Figure 5 Path Profiling

Figure 5 shows the routers involved in a typical path. Crossing an single AS may involve multiple router hops. In this case two routers are involved when packets traverse AS 1668. The AS-Path 701-1668 actually involves 5 individual routers. Congestion problems with any of these routers can adversely affect the performance of the entire route.

Traffic Server provides a mechanism for automatically mapping the detailed paths taken by each route. It also tracks delay and packet loss rates associated with each route so that performance problems can be easily identified.

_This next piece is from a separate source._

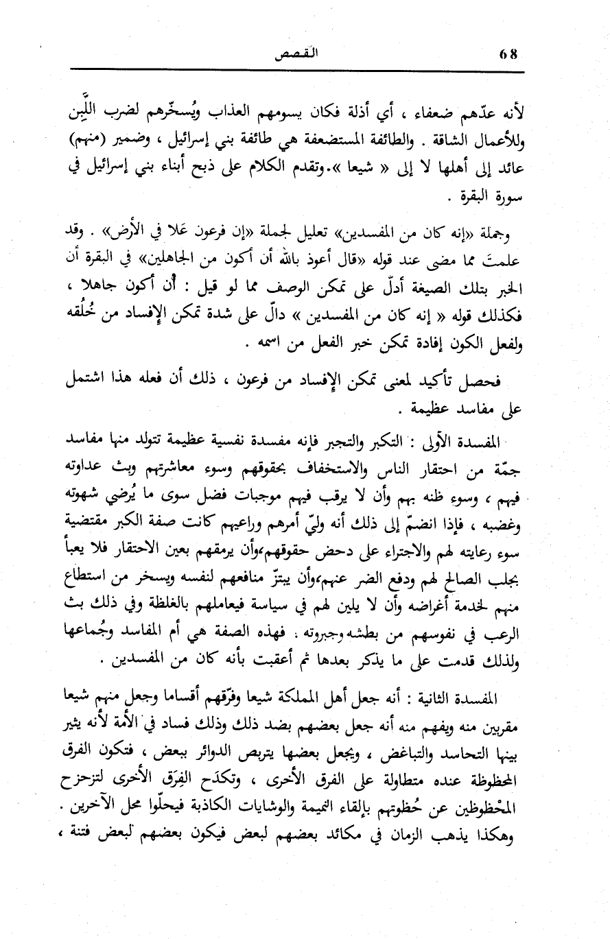 الْمَفْسَدَةُ الْأُولَى: التَّكَبُّرُ وَالتَّجَبُّرُ فَإِنَّهُ مَفْسَدَةٌ نَفْسِيَّةٌ عَظِيمَةٌ تَتَوَلَّدُ مِنْهَا مَفَاسِدُ جَمَّةٌ مِنِ احْتِقَارِ النَّاسِ وَالِاسْتِخْفَافِ بِحُقُوقِهِمْ وَسُوءِ مُعَاشَرَتِهِمْ وَبَثِّ عَدَاوَتِهِ فِيهِمْ، وَسُوءِ ظَنِّهِ بِهِمْ وَأَنْ لَا يَرْقُبَ فِيهِمْ مُوجِبَاتِ فَضْلٍ سِوَى مَا يُرْضِي شَهْوَتَهُ وَغَضَبَهُ، فَإِذَا انْضَمَّ إِلَى ذَلِكَ أَنَّهُ وَلِيُّ أَمْرِهِمْ وَرَاعِيهِمْ كَانَتْ صِفَةُ الْكِبَرِ مُقْتَضِيَةً سُوءَ رِعَايَتِهِ لَهُمْ وَالِاجْتِرَاءَ عَلَى دَحْضِ حُقُوقِهِمْ، وَأَنْ يَرْمُقَهُمْ بِعَيْنِ الِاحْتِقَارِ فَلَا يَعْبَأَ بِجَلْبِ الصَّالِحِ لَهُمْ وَدَفْعِ الضُّرِّ عَنْهُمْ، وَأَنْ يَبْتَزَّ مَنَافِعَهُمْ لِنَفْسِهِ وَيُسَخِّرَ مَنِ اسْتَطَاعَ مِنْهُمْ لِخِدْمَةِ أَغْرَاضِهِ وَأَنْ لَا يَلِينَ لَهُمْ فِي سِيَاسَةٍ فَيُعَامِلَهُمْ بِالْغِلْظَةِ وَفِي ذَلِكَ بَثُّ الرُّعْبِ فِي نُفُوسِهِمْ مِنْ بَطْشِهِ وَجَبَرُوتِهِ، فَهَذِهِ الصِّفَةُ هِيَ أَمُّ الْمَفَاسِدِ وَجِمَاعُهَا وَلِذَلِكَ قُدِّمَتْ عَلَى مَا يُذْكَرُ بَعْدَهَا ثُمَّ أُعْقِبَتْ بِأَنَّهُ كانَ مِنَ الْمُفْسِدِينَ.

The basic elements of the path profiling mechanism are shown in Figure 5. Traffic Server uses the flow data it collects to identify remote hosts and subnets. In the diagram, the red line indicates traffic between a remote host and a local server. For each "target" subnet it selects an active "target" host and starts to trace the route to the target subnet. It does this by making use of the time-to-live (TTL) mechanism built into the Internet Protocol (IP). A TTL is the number of hops a packet can take before a router will drop it, sending a notification back to the sender. Traffic Server generates a number of test packets, all addressed to the target host, each with an increased TTL. The route to the target subnet can be identified by examining the responses to the tests. In addition, round-trip delays and packet loss rates can be determined for each router on the path.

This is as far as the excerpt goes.